======== DATA TO EXAMINE

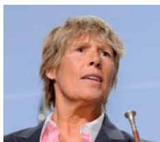
M me Diana Nyad Ecrivain, journaliste et nageuse de fond

Les intervenantes étaient M me Geena Davis, actrice récompensée aux Oscars et fondatrice du Geena Davis Institute on Gender in Media, et M me Diana Nyad, championne du monde de natation et journaliste.
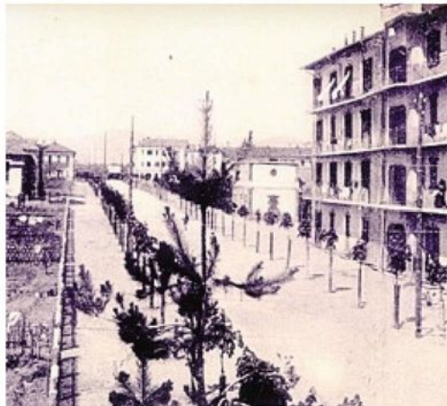
Il villaggio operaio lungo viale Somaini
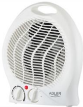
FAN HEATER AD 7728
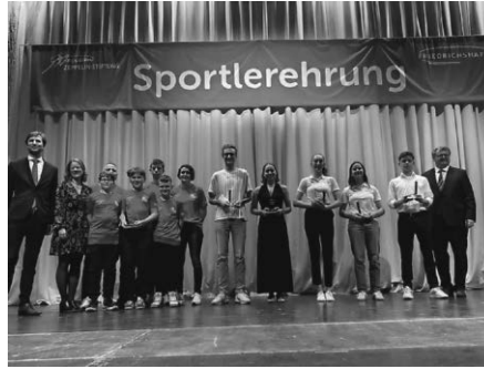
Sportlerehrung Stadt Friedrichshafen mit den Award-Winnern der Kategorie Sonderehrungen - und natürlich schließen wir uns herzlichst an mit unseren Glückwünschen!

================

### ASSIGNED TASK
Search the entries for "Nyad" and copy each matching line.

### SOLUTION BELOW
M me Diana Nyad Ecrivain, journaliste et nageuse de fond
Les intervenantes étaient M me Geena Davis, actrice récompensée aux Oscars et fondatrice du Geena Davis Institute on Gender in Media, et M me Diana Nyad, championne du monde de natation et journaliste.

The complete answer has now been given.